**RECORDS PROVIDED**.

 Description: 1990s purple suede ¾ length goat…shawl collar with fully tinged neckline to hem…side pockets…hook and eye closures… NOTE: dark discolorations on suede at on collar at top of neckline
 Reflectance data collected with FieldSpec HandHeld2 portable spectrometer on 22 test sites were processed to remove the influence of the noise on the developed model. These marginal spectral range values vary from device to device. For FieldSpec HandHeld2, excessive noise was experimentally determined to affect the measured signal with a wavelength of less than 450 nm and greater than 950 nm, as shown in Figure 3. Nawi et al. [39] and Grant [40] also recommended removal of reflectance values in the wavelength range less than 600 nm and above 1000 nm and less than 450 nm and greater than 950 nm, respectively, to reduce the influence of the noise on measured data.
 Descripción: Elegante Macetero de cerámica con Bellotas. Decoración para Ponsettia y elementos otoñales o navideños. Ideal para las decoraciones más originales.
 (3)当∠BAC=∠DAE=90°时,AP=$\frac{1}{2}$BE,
--
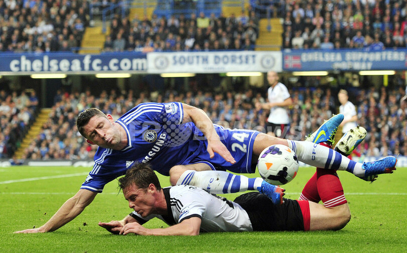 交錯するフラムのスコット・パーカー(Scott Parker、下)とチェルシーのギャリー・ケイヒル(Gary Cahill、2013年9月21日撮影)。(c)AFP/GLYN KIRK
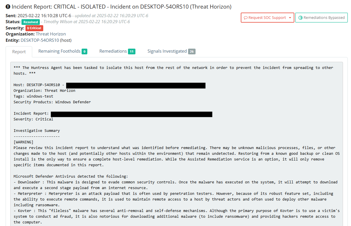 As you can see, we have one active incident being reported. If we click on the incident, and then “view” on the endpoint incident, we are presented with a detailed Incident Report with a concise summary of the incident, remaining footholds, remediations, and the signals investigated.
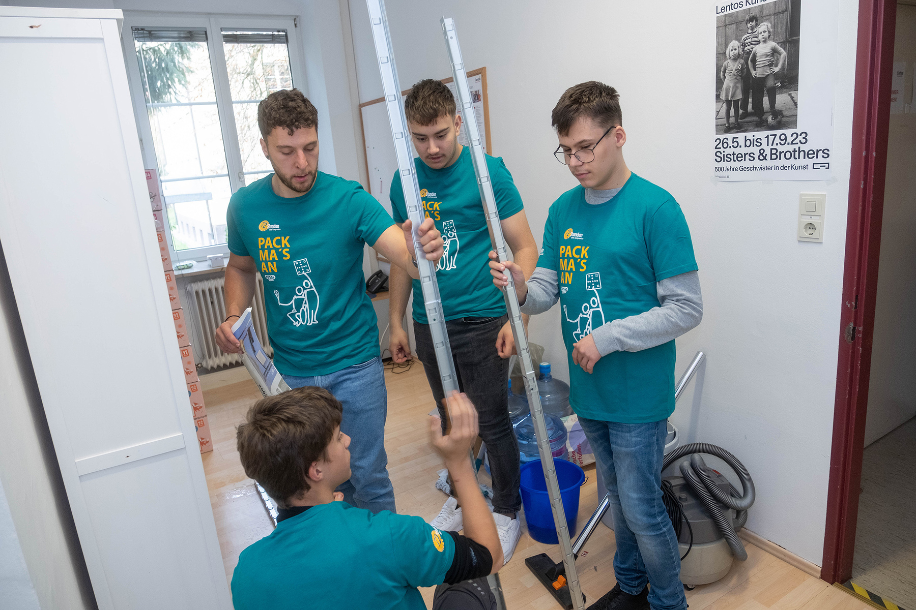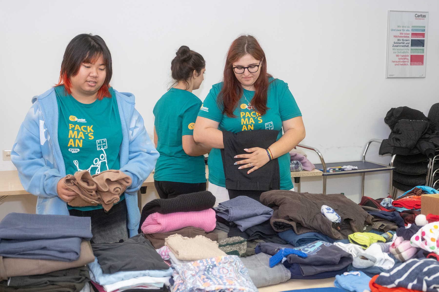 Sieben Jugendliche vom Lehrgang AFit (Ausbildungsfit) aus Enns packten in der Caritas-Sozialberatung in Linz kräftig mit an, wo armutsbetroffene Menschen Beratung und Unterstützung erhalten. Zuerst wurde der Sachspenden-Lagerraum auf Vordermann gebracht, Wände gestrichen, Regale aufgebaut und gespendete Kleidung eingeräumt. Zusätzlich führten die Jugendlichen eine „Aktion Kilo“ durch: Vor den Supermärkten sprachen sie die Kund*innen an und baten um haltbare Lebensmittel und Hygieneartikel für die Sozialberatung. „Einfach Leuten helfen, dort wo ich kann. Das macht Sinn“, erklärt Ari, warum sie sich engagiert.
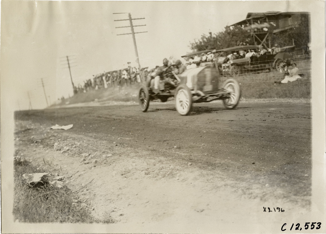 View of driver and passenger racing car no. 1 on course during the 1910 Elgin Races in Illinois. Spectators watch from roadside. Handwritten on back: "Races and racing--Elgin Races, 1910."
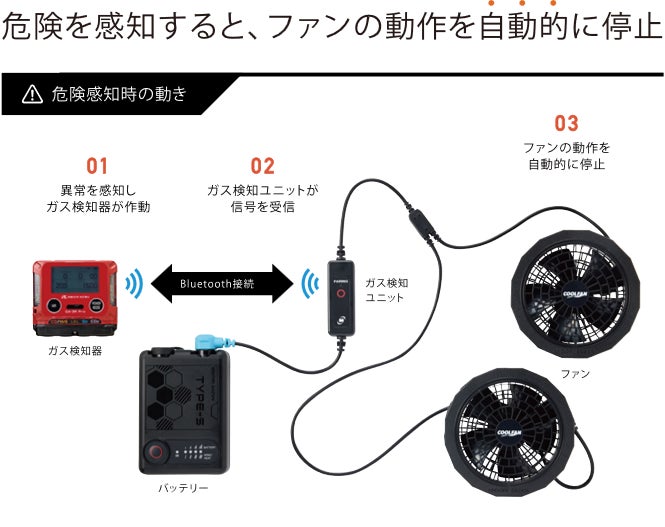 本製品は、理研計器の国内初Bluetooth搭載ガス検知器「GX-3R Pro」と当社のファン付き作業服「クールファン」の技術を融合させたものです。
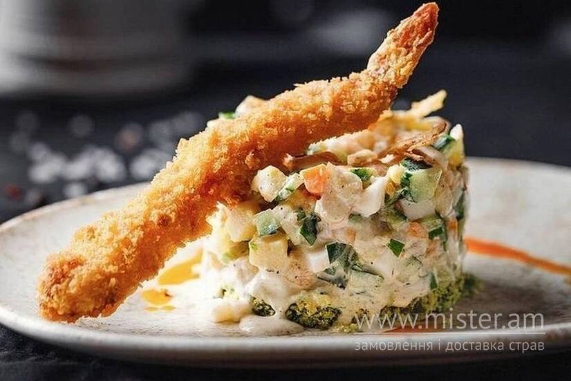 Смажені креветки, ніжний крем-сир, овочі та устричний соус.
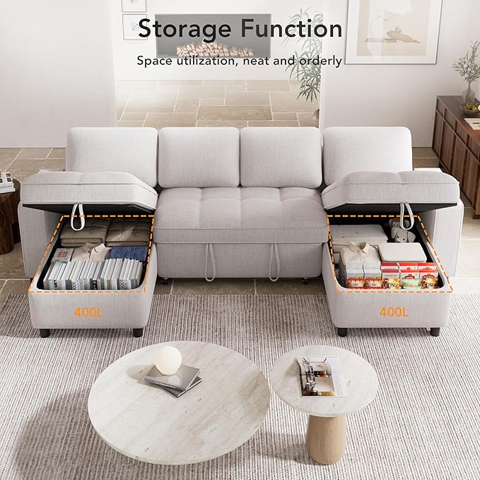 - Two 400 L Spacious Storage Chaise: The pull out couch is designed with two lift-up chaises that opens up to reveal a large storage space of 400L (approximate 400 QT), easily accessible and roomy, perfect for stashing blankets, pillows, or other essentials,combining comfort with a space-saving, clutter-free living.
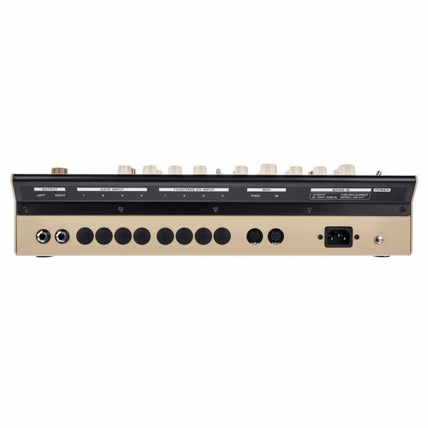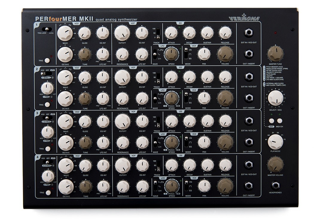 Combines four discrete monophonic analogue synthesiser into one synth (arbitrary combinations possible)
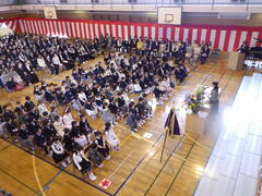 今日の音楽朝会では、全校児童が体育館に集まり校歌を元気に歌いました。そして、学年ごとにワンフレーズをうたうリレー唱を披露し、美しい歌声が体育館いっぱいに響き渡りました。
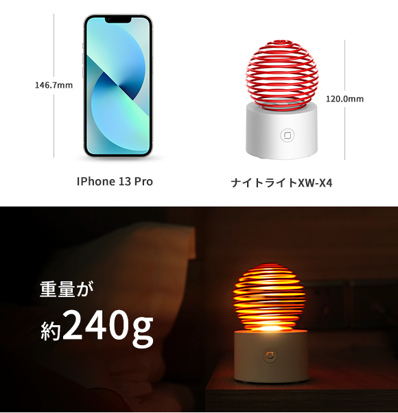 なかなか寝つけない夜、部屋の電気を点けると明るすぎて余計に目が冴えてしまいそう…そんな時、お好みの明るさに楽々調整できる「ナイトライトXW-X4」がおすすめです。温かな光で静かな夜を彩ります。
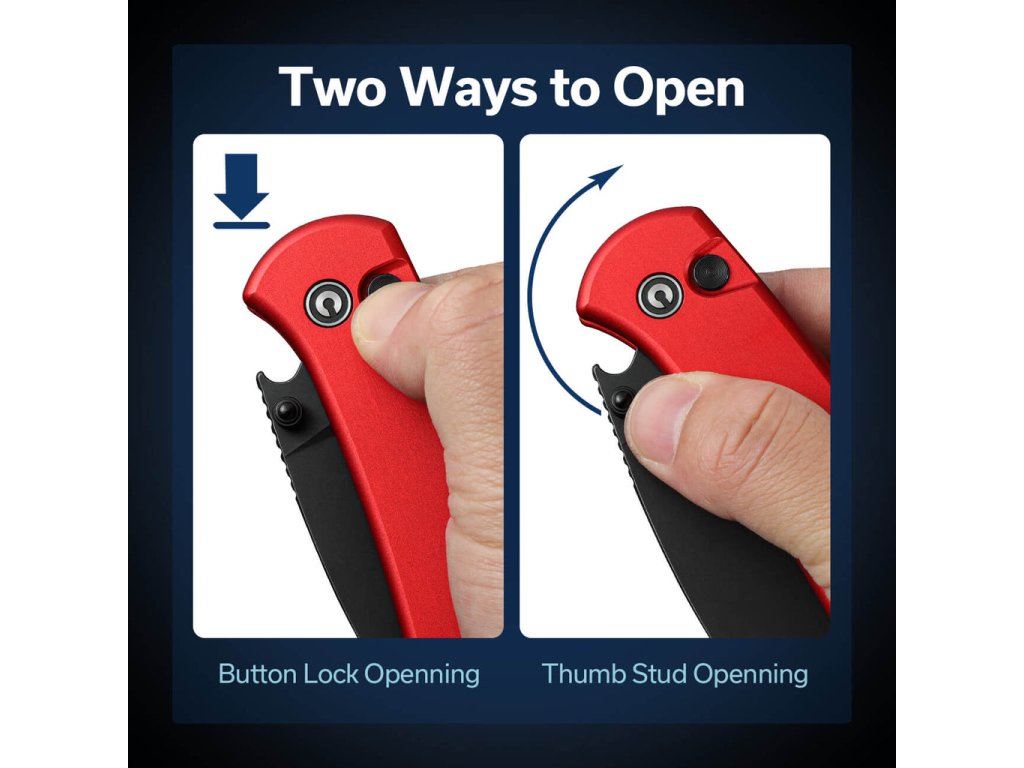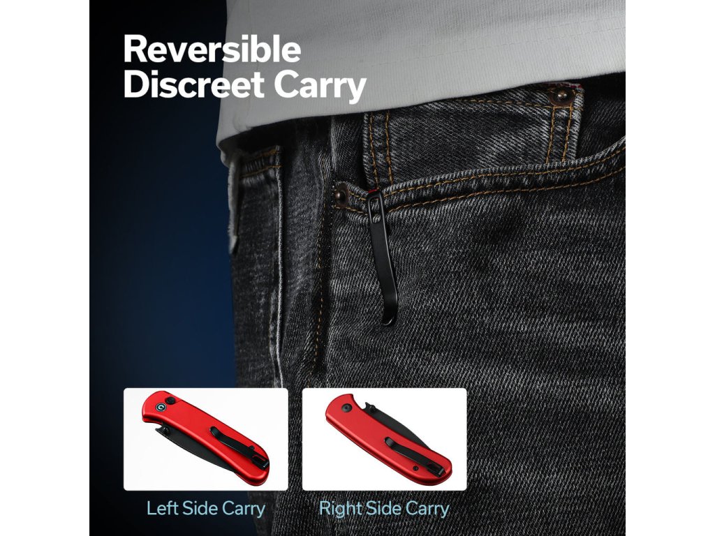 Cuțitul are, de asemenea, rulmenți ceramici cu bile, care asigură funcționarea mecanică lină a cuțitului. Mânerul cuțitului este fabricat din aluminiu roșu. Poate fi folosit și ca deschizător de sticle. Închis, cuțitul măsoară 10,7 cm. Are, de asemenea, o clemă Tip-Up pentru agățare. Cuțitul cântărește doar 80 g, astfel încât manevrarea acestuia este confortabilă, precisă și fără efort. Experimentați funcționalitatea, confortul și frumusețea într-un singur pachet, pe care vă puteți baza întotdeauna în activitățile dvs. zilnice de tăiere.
...
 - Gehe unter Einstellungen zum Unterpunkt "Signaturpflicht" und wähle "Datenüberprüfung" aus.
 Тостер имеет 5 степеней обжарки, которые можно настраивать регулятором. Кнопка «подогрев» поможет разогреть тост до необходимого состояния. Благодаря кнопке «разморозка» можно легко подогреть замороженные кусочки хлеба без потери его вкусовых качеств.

**ASSIGNED TASK**.
Repeat exactly the lines above from the one with "Description: 1990s purple" up to and including the one with "Reflectance data collected". No other line belongs in the reply.

**COMPLETED TASK**.
 Description: 1990s purple suede ¾ length goat…shawl collar with fully tinged neckline to hem…side pockets…hook and eye closures… NOTE: dark discolorations on suede at on collar at top of neckline
 Reflectance data collected with FieldSpec HandHeld2 portable spectrometer on 22 test sites were processed to remove the influence of the noise on the developed model. These marginal spectral range values vary from device to device. For FieldSpec HandHeld2, excessive noise was experimentally determined to affect the measured signal with a wavelength of less than 450 nm and greater than 950 nm, as shown in Figure 3. Nawi et al. [39] and Grant [40] also recommended removal of reflectance values in the wavelength range less than 600 nm and above 1000 nm and less than 450 nm and greater than 950 nm, respectively, to reduce the influence of the noise on measured data.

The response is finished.